Now, Lungren said, his team is working on a subsequent version of CheXNeXt that will bring the researchers even closer to in-clinic testing. The algorithm isn’t ready for that just yet, but Lungren hopes that it will eventually help expedite the X-ray-reading process for doctors diagnosing urgent care or emergency patients who come in with a cough.

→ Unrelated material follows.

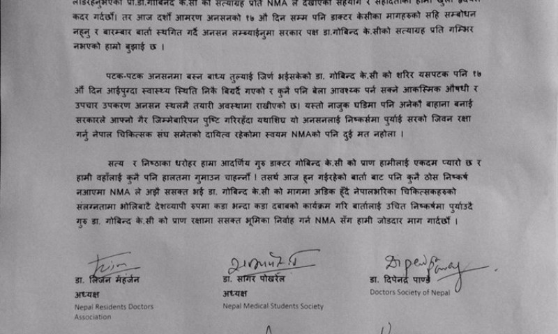 सरकार अनेक बाहाना गर्दै पन्छिरहँदा डा. केसीको स्वास्थ्य अवस्था चिन्ताजनक बन्दै गएको र उनको जीवन रक्षासँगै डा. केसीको माग पुरा गराउन ससक्त आन्दोलन गर्नुपर्ने आवश्यक रहेका निष्कर्ष निकालेका हुन् ।
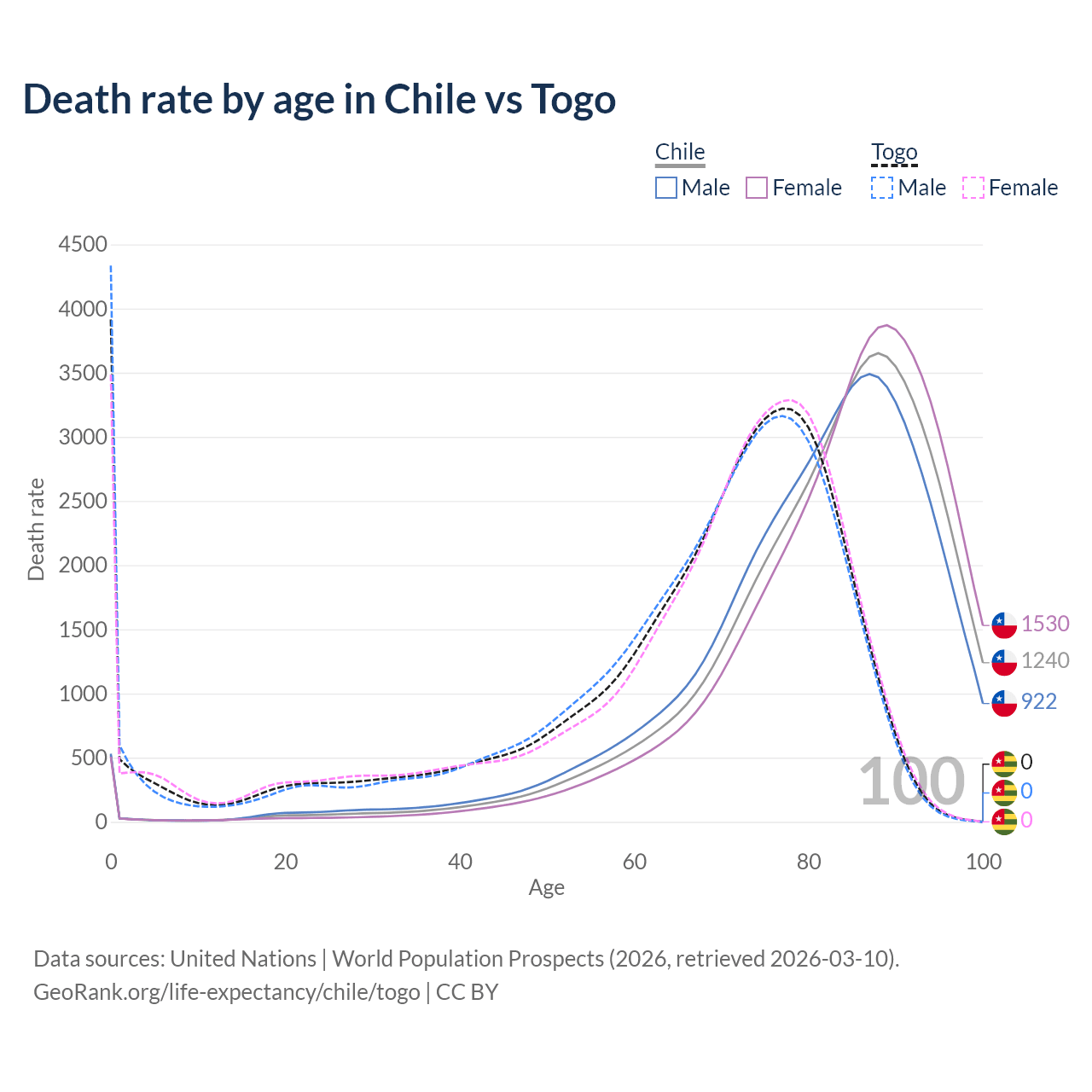 In Chile, the most common age of death is 88, compared to 0 in Togo. The median age of death is 84.8 in Chile and 71 in Togo, meaning only half of each cohort is expected to live past that age.

“I could see this working in a few ways. The algorithm could triage the X-rays, sorting them into prioritized categories for doctors to review, like normal, abnormal or emergent,” Lungren said. Or the algorithm could sit bedside with primary care doctors for on-demand consultation, he said. In this case, Lungren said, the algorithm could step in to help confirm or cast doubt on a diagnosis. For example, if a patient’s physical exam and lab results were consistent with pneumonia, and the algorithm diagnosed pneumonia on the patient’s X-ray, then that’s a pretty high-confidence diagnosis and the physician could provide care right away for the condition. Importantly, in this scenario, there would be no need to wait for a radiologist. But if the algorithm came up with a different diagnosis, the primary care doctor could take a closer look at the X-ray or consult with a radiologist to make the final call.
“We should be building AI algorithms to be as good or better than the gold standard of human, expert physicians. Now, I’m not expecting AI to replace radiologists any time soon, but we are not truly pushing the limits of this technology if we’re just aiming to enhance existing radiologist workflows,” Lungren said. “Instead, we need to be thinking about how far we can push these AI models to improve the lives of patients anywhere in the world.”
Other Stanford authors of the study are biostatistician Robyn Ball, PhD; undergraduate student Kaylie Zhu; former research assistant Brandon Yang; data scientist Hershel Mehta; research assistants Tony Duan and Daisy Ding; former research assistant Aarti Bagul; professor of radiology and of medicine Curtis Langlotz, PhD; assistant professor of radiology Bhavik Patel, MD; associate professor of radiology Kristen Yeom, MD; research associate Katie Shpanskaya; associate professor of radiology Francis Blackenberg, MD; clinical assistant professor of radiology Jayne Seekins, MD; clinical associate professor of radiology Safwan Halabi, MD; and clinical assistant professor of radiology Evan Zucker, MD.
Researchers from Duke University and from the University of Colorado also contributed to the study.
Stanford’s departments of Radiology and of Computer Science along with the Stanford Center for Artificial Intelligence in Medicine & Imaging supported the work.